C’est là que réside tout l’art ! Les langages objets n’en sont que les pinceaux.
Isoler les aspects techniques et les rendre réutilisables est déjà assuré par les nombreuses librairies ou framework fourni avec les langages. On parle d’écosystème maintenant, ça veut tout dire. Smalltalk et ses quelques 140 classes, Win32, Borland C++, Visual C++ et les MFC, dotnet sans compter tous les frameworks tiers puis open-sources venus enrichir l’ensemble ! Il a fallu en digérer pas mal sur les 30 dernières années et ce n’est pas prêt de finir ! On avait nos livres ‘bible’ qui petit à petit n’ont plus que servi à rehausser les écrans, les sites Internet fournissant la documentation des API, les outils AGL tels que Visual Studio devenu DevStudio avec le browser de classes, la complétion automatique puis maintenant les ChatGPT, Copilot, tout cela au service du développeur dans cette jungle de briques et composants.

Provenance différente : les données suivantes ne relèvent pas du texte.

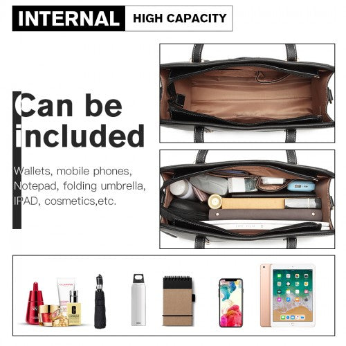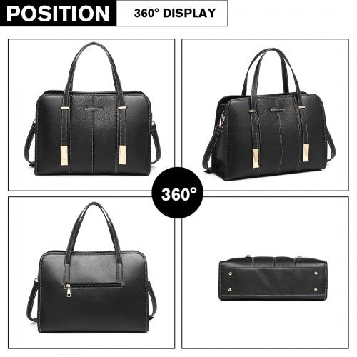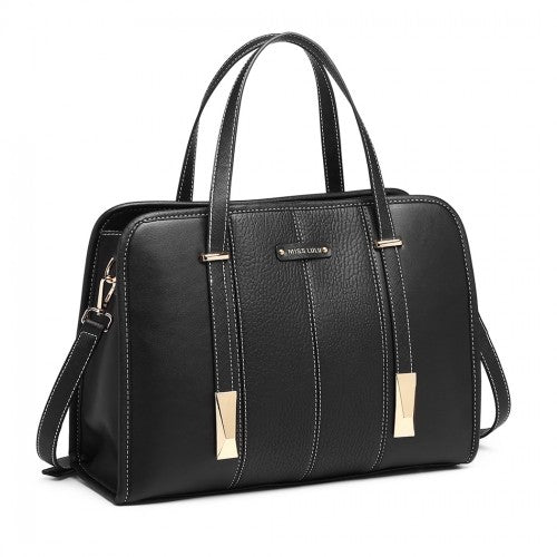 Miss Lulu Structured Panel Shoulder Bag - Black
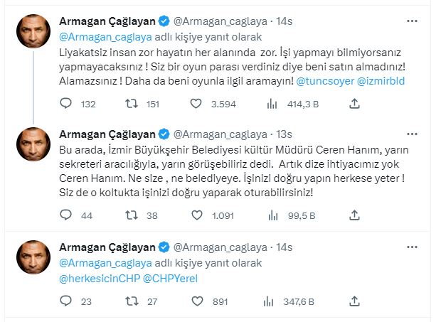 Armağan Çağlayan Twitter paylaşımlarına İzmir Büyükşehir Belediyesi'ni ve Belediye Başkanı Tunç Soyer'in hesaplarını da etiketledi.
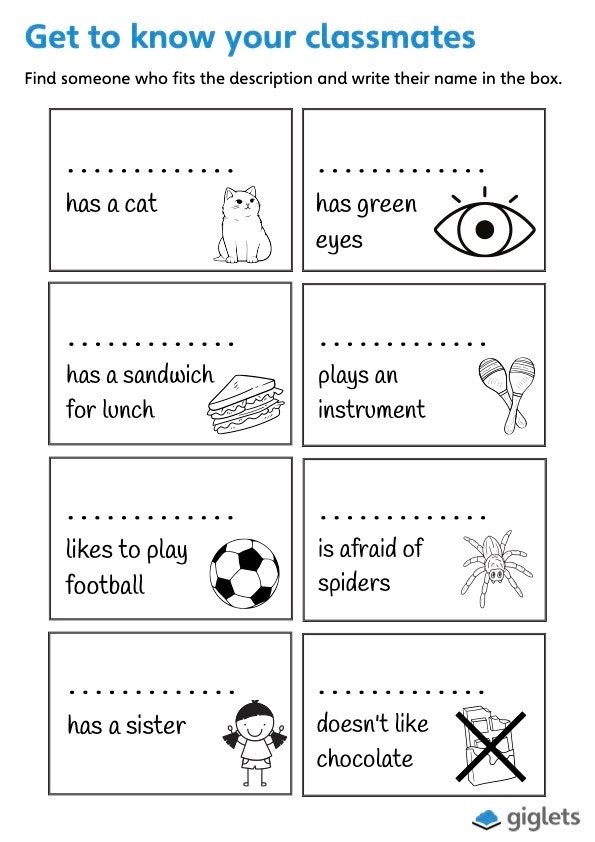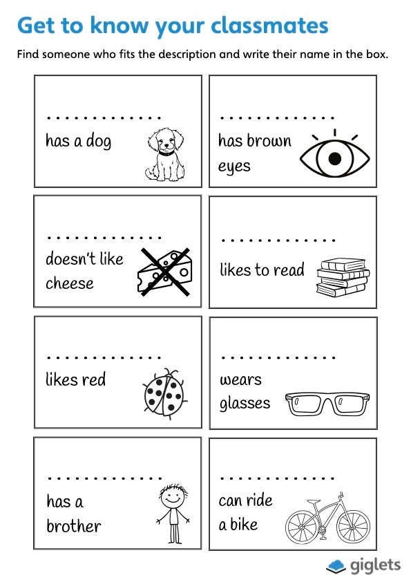 Children can take one of the activity sheets (or both if you want the activity to run longer) and must find a classmate who matches the description.
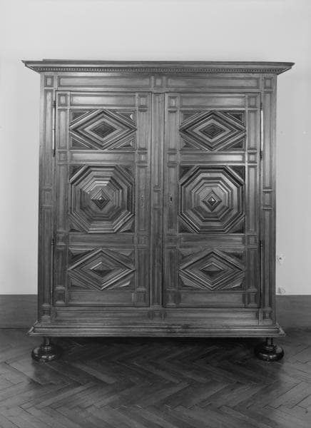 Armoire à deux battants ornée d'un motif de pointes de diamant.
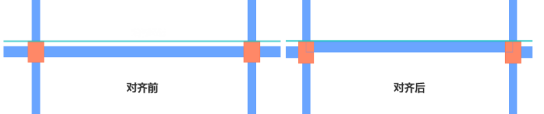 【通用对齐】功能:可以实现在某一楼层中,梁、墙、柱构件沿某个选中边界的对齐。图展示了对齐前和对齐后的效果。
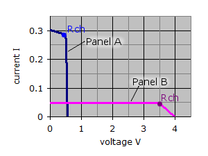 In the graph at right, that resistance occurs right at the bend of each panel spec. While both panels represented can offer a similar amount of power (Watts), one will offer higher currents at a lower voltage, while the second offers a much lower current but at a higher voltage.

Ce qui n’a jamais empêché d’introduire, au sein d’un logiciel, ses propres classes techniques, des frameworks « maison » fournissant des abstractions stables sur lesquelles pourront s’appuyer les objets plus spécifiques au domaine du logiciel, à sa vocation, à son métier. Et pour avoir, moi-même, contribué à la mise en place de frameworks techniques tels qu’un ORM (pour assurer la persistance des objets dans une base de données), un système de communication inter-processus, ou un système de gestion de workflow (pour orchestrer les interactions complexes entre de multiples objets), je peux vous dire que c’est un sacré labeur ! Même en s’appuyant sur des frameworks existants ! C’est le prix à payer pour assurer une certaine pérennité à la couche métier, garantir qu’elle ne devienne pas trop dépendante des évolutions des frameworks externes, et surtout n’exposer que le strict nécessaire à leurs besoins…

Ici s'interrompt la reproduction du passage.